Comment 10 Bastien Nocera 2007-01-17 11:39:43 UTC
Created attachment 80493 [details] [review]
totem-use-xine-xml-parser.patch

- Use straight copies of the xine-lib code (patch below against xine-lib CVS HEAD)
- Only make ASX use the xine-lib code (the other types are much more well behaved)
- Made it case-unsensitive
Comment 11 Bastien Nocera 2007-01-17 11:40:56 UTC
Created attachment 80494 [details] [review]
xine-lib-xml-parser-copy.patch

Patch to xine-lib to avoid errors when compiling the parser out-of-tree
Comment 12 Bastien Nocera 2007-01-17 11:42:16 UTC
Created attachment 80495 [details]
test.asx

A test file with:
- HTML comments
- Case-mismatched tags
- broken escaping of URLs
Comment 13 Bastien Nocera 2007-01-17 12:30:55 UTC
Created attachment 80497 [details] [review]
totem-use-xine-xml-parser-2.patch

Updated patch, xml_parser_get_property returns data directly from the tree, so don't free it.

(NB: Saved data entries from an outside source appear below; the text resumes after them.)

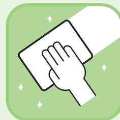
支店内の 清掃、消毒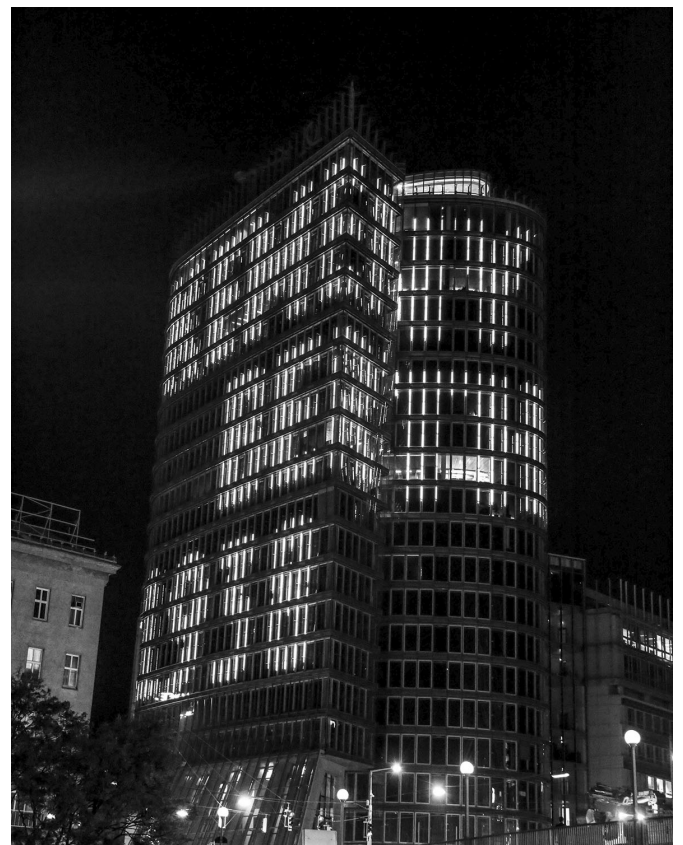
Der UNIQA-Tower in Wien-Leopoldstadt, Untere Donaustraße 21, als „Namensturm“

www.memento.wien – MEMENTO Wien macht Daten zur Ausgrenzung, Vertreibung und Verfolgung während der NS-Zeit in Wien mobil zugänglich und bietet die Möglichkeit, die Geschichte der eigenen Umgebung interaktiv zu erforschen.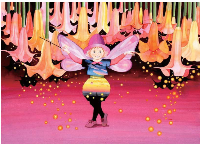
《夕焼け色のコンチェルト》2011年 アクリル、ガッシュ

絹地に友禅技法で描かれた椿。フランスで展示した際に、フランスでは落ちた花は描く対象にならない(のにその落ちた椿を描いている)と話題になったとか。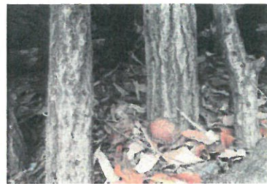
美味しそうなシイタケ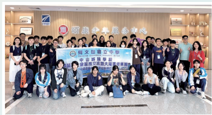
同學到中山頤康老年服務中心 探訪及表演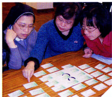
老師從遊戲中理解學校管理取向

由於我是自我評估委員會成員之一，亦有份參與兩期的培訓課程，而且在學校的評估工作上，由問卷構思、工作坊討論及分析、到撰寫評估報告等，一直有機會親身參與，因此對評估的理念很清晰，亦能掌握當中技巧。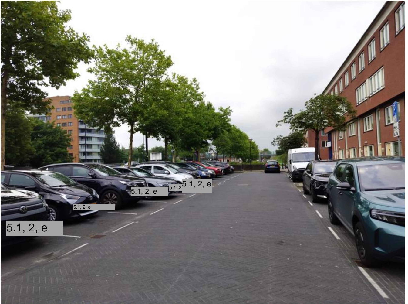
IMG_20250726_201814.jpg op 26-07-2025 20:41 door melder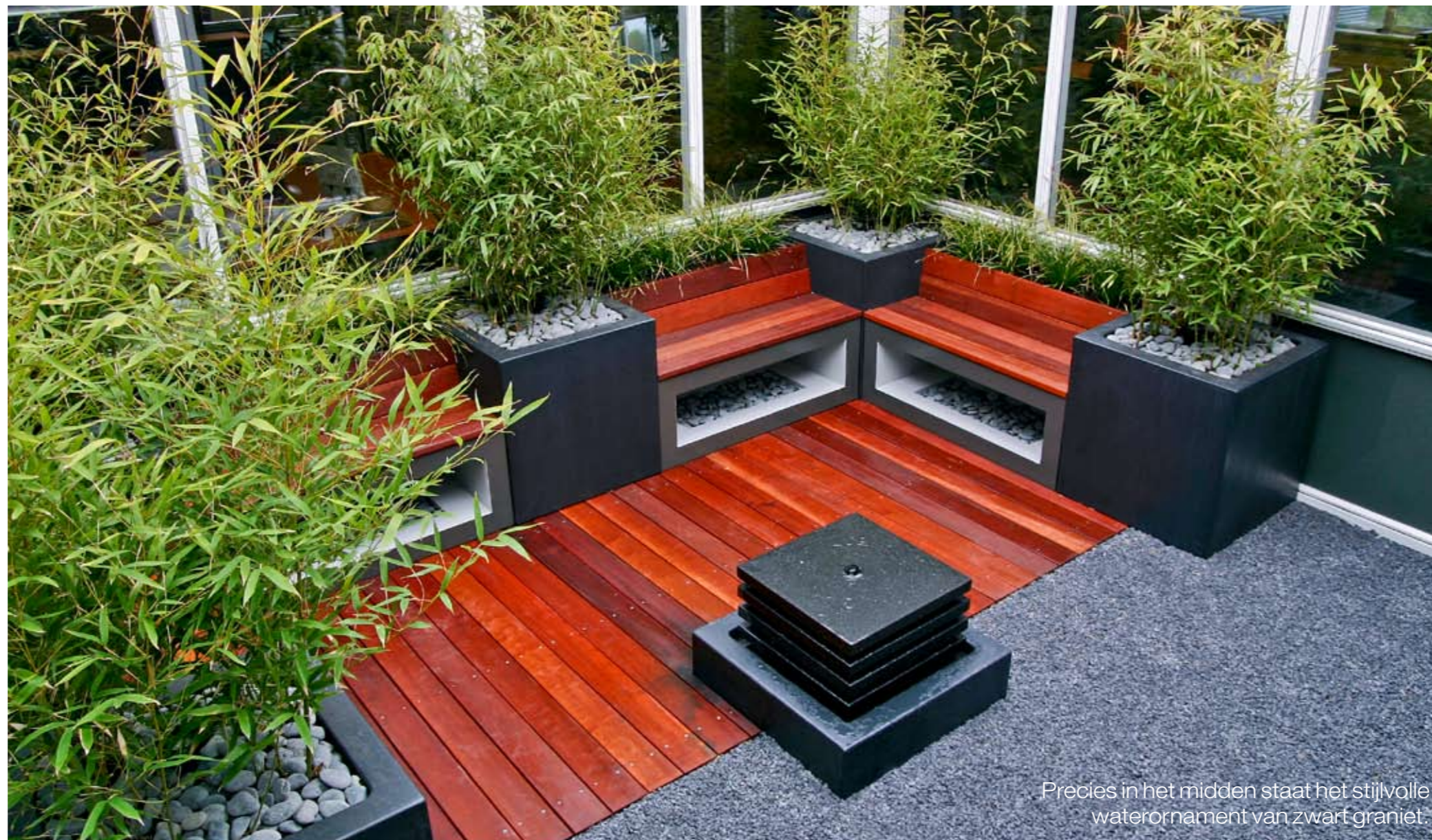
Precies in het midden staat het stijlvolle waterornament van zwart graniet.

Alles in deze patio-tuin klopt. Ook over de kleuren van de ruimte onder de bank is goed nagedacht. „De binnenkant is in een lichte kleur geschilderd, de buitenkant in een donkere. Dit vormt een mooi contrast waardoor de bank beter uit komt“, aldus de ontwerper. De warme bruinrode kleur van het Massaranduba hardhout contrasteert weer mooi met het antraciet van de bakken. In deze bakken staat de wintergroene bamboe Phyllostachys aurea . Achter de banken staat het bontbladige siergras Carex morrowii 'Variegata' dat eveneens groenblijvend is. Erik van Gelder: „Beide soorten kunnen goed tegen aanplant in bakken en geven massa aan de beplanting. Er is hier weinig ruimte voor beplanting en dan moet deze wel groen ogen. Om toch volume te houden is daarom van de bamboe niet de hele onderkant kaal geknipt.“

Mark more strings as const.
Comment 14 Bastien Nocera 2007-01-17 12:32:29 UTC
Created attachment 80498 [details] [review]
xine-lib-xml-parser-copy-2.patch

Mark the return of xml_parser_get_property as const, so people don't try to free it.
Comment 15 Patrick Ammann 2007-01-17 19:32:00 UTC
- i would rename all exported functions, as otherwise you may
  link to a function defined in xine-lib, in case you link
  with the xine-lib.

- in case we would use those xml parsing functions for all
  playlists we could drop the libxml dependency for totem.
Comment 16 Bastien Nocera 2007-01-17 19:36:04 UTC
(In reply to comment #15)
> - i would rename all exported functions, as otherwise you may
>   link to a function defined in xine-lib, in case you link
>   with the xine-lib.

We should actually only export the functions that are public in libtotem-plparser.so. That's easy enough to fix.

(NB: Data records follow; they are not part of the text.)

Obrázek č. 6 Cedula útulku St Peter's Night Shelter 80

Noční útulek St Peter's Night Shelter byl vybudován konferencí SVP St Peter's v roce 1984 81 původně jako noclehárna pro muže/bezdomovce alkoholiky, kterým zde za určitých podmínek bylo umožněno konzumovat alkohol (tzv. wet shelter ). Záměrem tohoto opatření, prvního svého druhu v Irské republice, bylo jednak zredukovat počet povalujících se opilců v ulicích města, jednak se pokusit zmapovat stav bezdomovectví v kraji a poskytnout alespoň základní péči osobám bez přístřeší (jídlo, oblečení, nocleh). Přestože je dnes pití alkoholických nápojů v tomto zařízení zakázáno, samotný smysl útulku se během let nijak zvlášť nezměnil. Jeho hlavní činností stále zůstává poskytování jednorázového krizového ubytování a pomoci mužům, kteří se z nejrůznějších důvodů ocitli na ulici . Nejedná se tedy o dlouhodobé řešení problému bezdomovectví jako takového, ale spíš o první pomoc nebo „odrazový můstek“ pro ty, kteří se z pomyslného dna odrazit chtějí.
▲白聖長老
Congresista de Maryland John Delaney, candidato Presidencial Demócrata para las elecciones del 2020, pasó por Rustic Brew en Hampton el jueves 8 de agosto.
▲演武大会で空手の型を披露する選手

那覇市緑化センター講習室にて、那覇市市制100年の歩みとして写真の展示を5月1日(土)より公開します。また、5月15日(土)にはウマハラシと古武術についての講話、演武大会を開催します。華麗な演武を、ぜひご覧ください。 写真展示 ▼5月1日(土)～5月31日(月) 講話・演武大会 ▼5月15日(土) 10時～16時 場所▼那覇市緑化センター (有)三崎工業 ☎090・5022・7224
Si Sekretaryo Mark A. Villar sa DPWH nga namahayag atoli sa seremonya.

> - in case we would use those xml parsing functions for all
>   playlists we could drop the libxml dependency for totem.

gnome-vfs relies on libxml, so does libglade, so it wouldn't be gone yet. I also trust libxml2 more than xine-lib's xml parser for proper XML files.
Comment 17 Bastien Nocera 2007-01-18 00:02:09 UTC
Created attachment 80558 [details] [review]
totem-use-xine-xml-parser-3.patch

- Restrict the exported symbols to the plparser public API
Comment 18 Bastien Nocera 2007-03-04 16:25:47 UTC
2007-03-04  Bastien Nocera  <hadess@hadess.net>

        * src/plparse/test-parser.c: (main):
        Call g_thread_init() very early to avoid the GSlice warning

        * src/plparse/xmllexer.c:
        * src/plparse/xmllexer.h:
        * src/plparse/xmlparser.c:
        * src/plparse/xmlparser.h: Add a copy of the xine-lib XML parser
        under the LGPL

        * src/plparse/Makefile.am:
        * src/plparse/totem-pl-parser-wm.c: (parse_asx_entry),
        (parse_asx_entries), (totem_pl_parser_add_asx):
        * src/plparse/totem-pl-parser.c:
        Use the xine-lib XML parser copy, to allow:
        - case mismatches
        - HTML comments
        - broken escaping in URLs

        (Closes: #386558)
Comment 19 Philip Withnall 2008-06-03 17:40:01 UTC
Mass-move from totem to totem-pl-parser. You can remove all messages by searching for this comment.